Task requirements
If a record holds a picture, leave the picture out, but write out everything else exactly.
*** Block opens ***
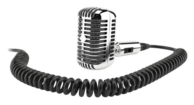 A vintage chrome microphone with a coiled black cable isolated on transparent background, perfect for recording studios, podcasts, and retro audio enthusiasts
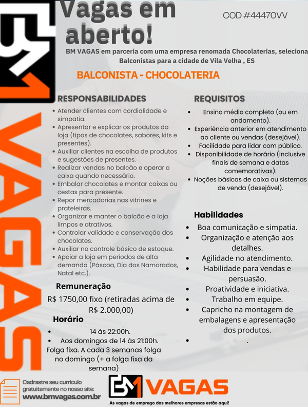 Desejável Experiência comprovada (mínimo de 6 meses) em vendas ou atendimento ao cliente em ambientes de varejo especializado, preferencialmente no setor de alimentos gourmet ou confeitaria.
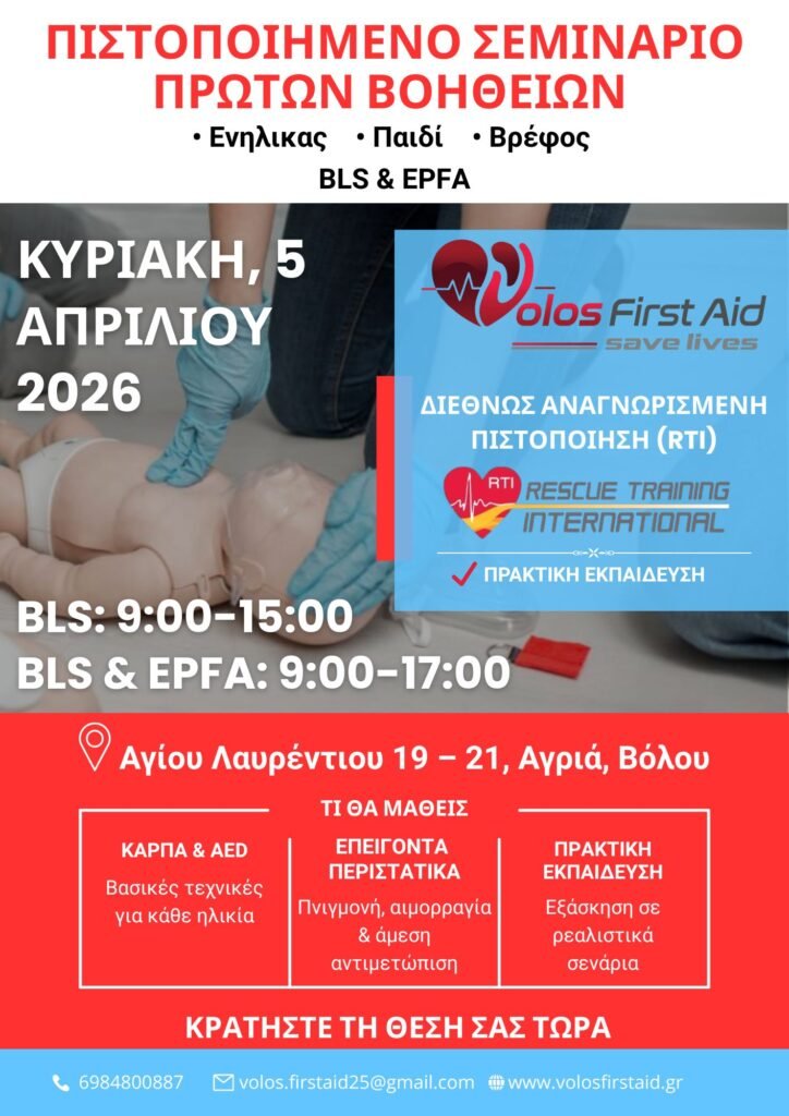 Ημερομηνία: Κυριακή 5 ΑπριλίουΤοποθεσία: Αγίου Λαυρεντίου 19–21, Αγριά Βόλου 373 00 Ώρες διεξαγωγής:• BLS: 09:00…
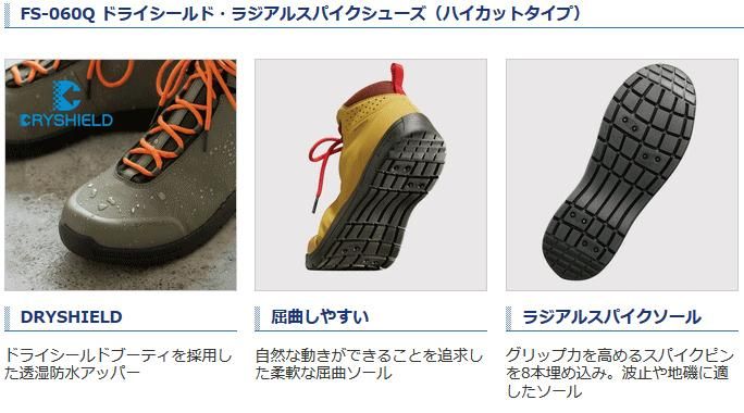 商品情報シマノ (SHIMANO) ドライシールド ラジアルスパイクシューズ(ハイカット) FS-060Q 磯靴 波止 防波堤 フィッシングシューズ
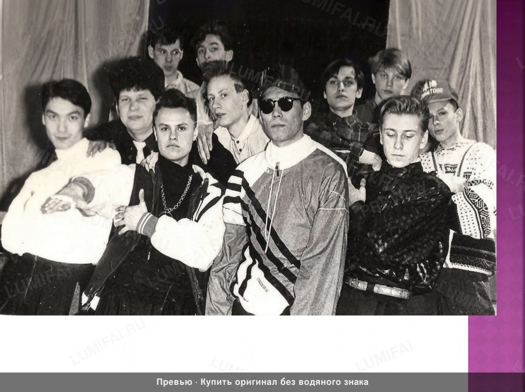 Промт для восстановления группового черно-белого фото 1980-х годов
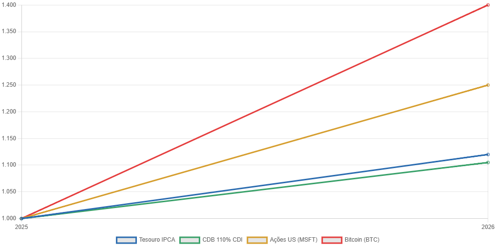 Simulação feita com base em ativos reais: Tesouro IPCA, CDB 110% CDI, Ações US (MSFT), Bitcoin (BTC).
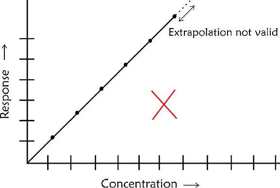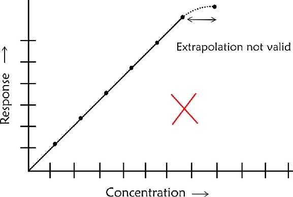 - The calibration line should not be extrapolated beyond the highest concentration recorded as you would not be sure about linearity beyond this point
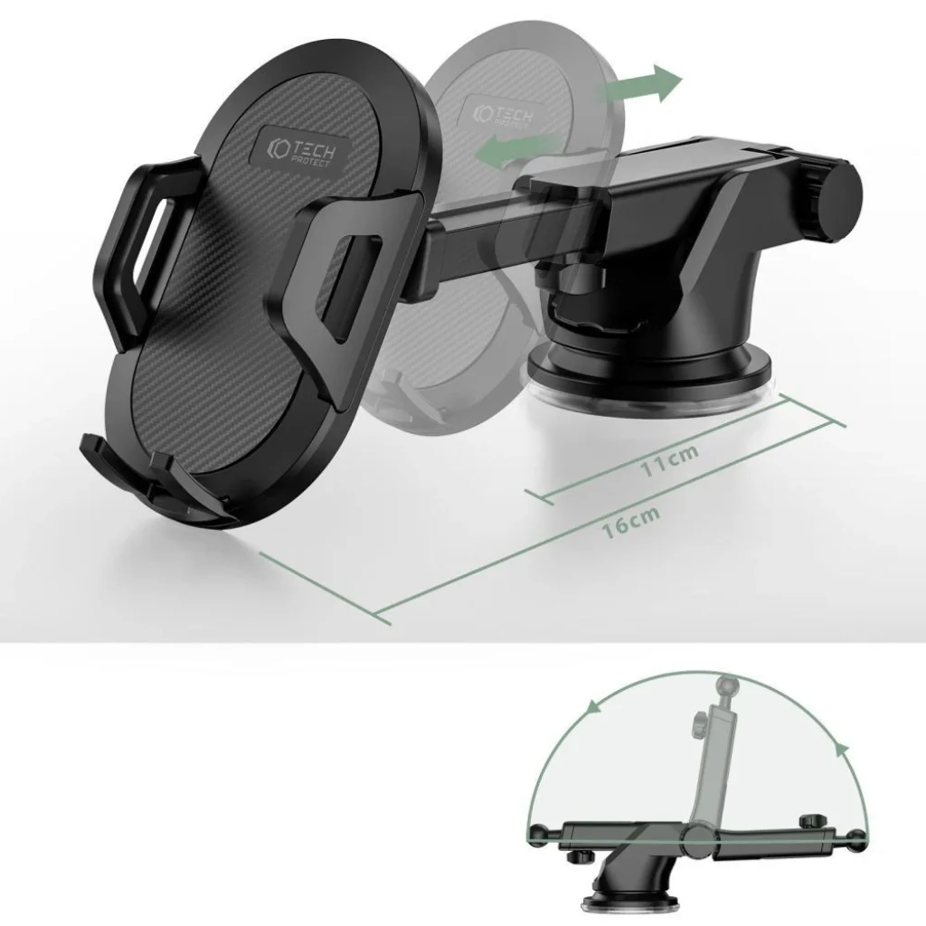 Egy univerzális és rendkívül stabil autós tartó, amely minden standard funkcióval rendelkezik, és biztonságos és funkcionális megoldást kínál minden okostelefon számára. A tartó egy új, kétlépcsős karral van felszerelve, amely lehetővé teszi a tartó rögzítését bárhova a szélvédőn, és a erős gél tapadókorongnak köszönhetően a legtöbb műszerfalra is. A Tech-Protect univerzális autós tartó teleszkópos karral rendelkezik, hogy a felhasználók még több lehetőséget kapjanak az okostelefonjaik megtekintésére és használatára vezetés közben. A telepítése rendkívül egyszerű: csak zsírtalanítani kell azt a helyet, ahova a tartót ragasztani szeretnénk, meghúzni a kart, és kész! A tapadókorong tapadóképességének megőrzése érdekében újratelepítés előtt mossa meg folyó víz alatt.
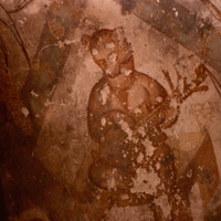 Jordan. Qusayr Amra, bear is playing a three-stringed lut - مشهد دب يعزف على عود ذي ثلاثة أوتار
*** Block closes ***
Answer to this problem
 A vintage chrome microphone with a coiled black cable isolated on transparent background, perfect for recording studios, podcasts, and retro audio enthusiasts
 Desejável Experiência comprovada (mínimo de 6 meses) em vendas ou atendimento ao cliente em ambientes de varejo especializado, preferencialmente no setor de alimentos gourmet ou confeitaria.
 Ημερομηνία: Κυριακή 5 ΑπριλίουΤοποθεσία: Αγίου Λαυρεντίου 19–21, Αγριά Βόλου 373 00 Ώρες διεξαγωγής:• BLS: 09:00…
 商品情報シマノ (SHIMANO) ドライシールド ラジアルスパイクシューズ(ハイカット) FS-060Q 磯靴 波止 防波堤 フィッシングシューズ
 Промт для восстановления группового черно-белого фото 1980-х годов
 Simulação feita com base em ativos reais: Tesouro IPCA, CDB 110% CDI, Ações US (MSFT), Bitcoin (BTC).
 - The calibration line should not be extrapolated beyond the highest concentration recorded as you would not be sure about linearity beyond this point
 Egy univerzális és rendkívül stabil autós tartó, amely minden standard funkcióval rendelkezik, és biztonságos és funkcionális megoldást kínál minden okostelefon számára. A tartó egy új, kétlépcsős karral van felszerelve, amely lehetővé teszi a tartó rögzítését bárhova a szélvédőn, és a erős gél tapadókorongnak köszönhetően a legtöbb műszerfalra is. A Tech-Protect univerzális autós tartó teleszkópos karral rendelkezik, hogy a felhasználók még több lehetőséget kapjanak az okostelefonjaik megtekintésére és használatára vezetés közben. A telepítése rendkívül egyszerű: csak zsírtalanítani kell azt a helyet, ahova a tartót ragasztani szeretnénk, meghúzni a kart, és kész! A tapadókorong tapadóképességének megőrzése érdekében újratelepítés előtt mossa meg folyó víz alatt.
 Jordan. Qusayr Amra, bear is playing a three-stringed lut - مشهد دب يعزف على عود ذي ثلاثة أوتار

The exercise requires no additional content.